Question

What do you understand by the ‘order of a reaction’? Identify the reaction order from each of the following units of reaction rate constant.
A) ${{\text{L}}^{ - 1}}{\text{ mol }}{{\text{s}}^{ - 1}}$
B) ${\text{L mo}}{{\text{l}}^{ - 1}}{\text{ }}{{\text{s}}^{ - 1}}$

Answer 1

Hint: The sum of the powers of concentration of the reactants in the rate equation of the chemical equation is known as the order of the reaction. It is always derived experimentally not theoretically.

Complete step by step answer:
Order of reaction: The exponent to which the concentration term of a specific reactant is raised in the rate law is known as the order of the reaction with respect to that reactant. This is the partial order.
The sum of the powers of concentration of the reactants in the rate equation of the chemical equation is known as the overall order of the reaction.
Consider a general reaction,
${\text{aA + bB }} \to {\text{ cC + dD}}$
The rate law for the reaction is,
${\text{Rate}} = k{\left[ {\text{A}} \right]^{\text{a}}}{\left[ {\text{B}} \right]^{\text{b}}}$
Where $k$ is the rate constant.
The order is a with respect to A and b with respect to B. But the overall order of the reaction is,
${\text{Order}} = {\text{a}} + {\text{b}}$
Identify the reaction order from the units of reaction rate constant as follows:
The speed at which the reaction occurs is known as the rate of the reaction. The rate of any chemical reaction is expressed as the decrease in concentration of reactants per unit time or increase in the concentration of products per unit time.
${{\text{L}}^{ - 1}}{\text{ mol }}{{\text{s}}^{ - 1}}$
The units of the rate constant are,
$k ={{{\text{mol }}{{\text{L}}^{ - 1}}}}{{{{\text{s}}^{ - 1}}}}$
The units suggest that the rate constant is equal to the rate of the reaction (concentration per time) and is independent of the concentration of the reacting substance.
The reactions in which the rate of the reaction is independent of the concentration of the reacting substance is known as the zero order reaction.
Thus, the reaction order when the units of reaction rate constant are ${{\text{L}}^{ - 1}}{\text{ mol }}{{\text{s}}^{ - 1}}$ is zero order.
${\text{L mo}}{{\text{l}}^{ - 1}}{\text{ }}{{\text{s}}^{ - 1}}$
The units of the rate constant are,
$k = {{\text{L}}}{{{\text{mo}}{{\text{l}}^{ - 1}}{\text{ }}{{\text{s}}^{ - 1}}}}$
The units suggest that the units of concentration are reversed from ${\text{mol }}{{\text{L}}^{ - 1}}$ to ${\text{L mo}}{{\text{l}}^{ - 1}}$. This is possible when the reaction has two reacting molecules. In such cases the unit concentration is 1/2 and thus gets reversed.
The reactions in which the rate of the reaction is proportional of the concentration of two reacting molecules is known as the second order reaction.
Thus, the reaction order when the units of reaction rate constant are ${\text{L mo}}{{\text{l}}^{ - 1}}{\text{ }}{{\text{s}}^{ - 1}}$ is second order.

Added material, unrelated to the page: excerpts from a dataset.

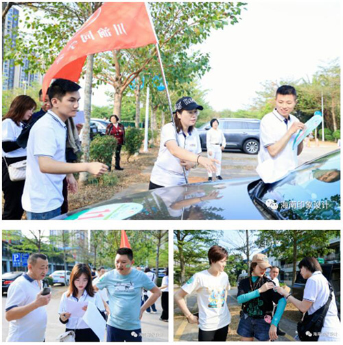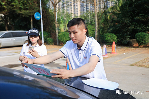 齊力合作做好出發(fā)前的準(zhǔn)備工作,把物料準(zhǔn)備好,把車(chē)貼貼上。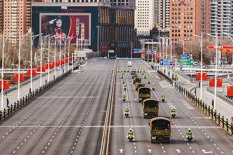 11月28日,运送志愿军烈士遗骸的车队经过沈阳青年大街(无人机照片)。当日,第十一批在韩中国人民志愿军烈士遗骸回国。 新华社发(许志康/摄)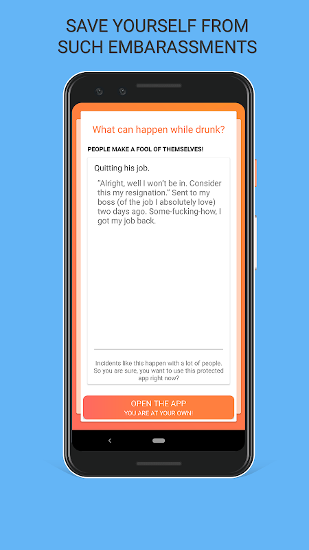❎ You had saved your private photos in photo vaults. However, once you were drunk, you did not think twice in opening the photo vault in front of your friends and show them all the private photos and videos. In case you had drunk app locker, you would be asked a question to open the photo vault and would have been saved.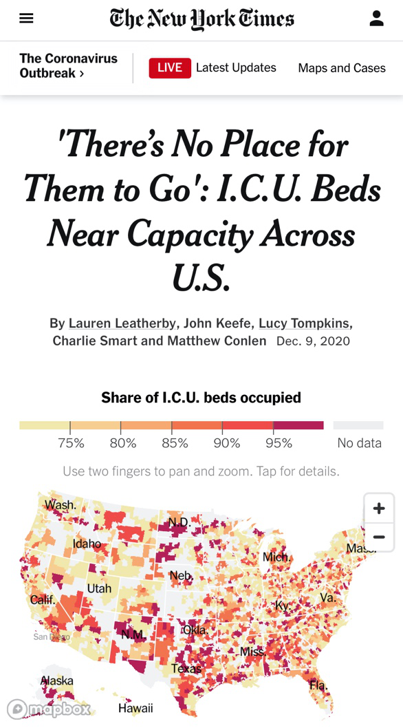 《紐約時報》指出,目前全國有超過三分之一的美國人生活在醫院資源嚴重缺乏的地區,甚至重症監護室也被新冠患者佔用得所剩無幾。服務人口超過1億人的美國各大醫院近日均表示,它們的重症監護病牀早在12月初便已緊缺,剩餘不到15%。

Note: The units for first order reaction are ${{\text{s}}^{ - 1}}$. The units of third order reaction are ${\text{mo}}{{\text{l}}^{ - 2}}{\text{ }}{{\text{L}}^2}{\text{ }}{{\text{s}}^{ - 1}}$. By knowing the rate constant values we can directly predict the order of the reaction if it is not given in the question.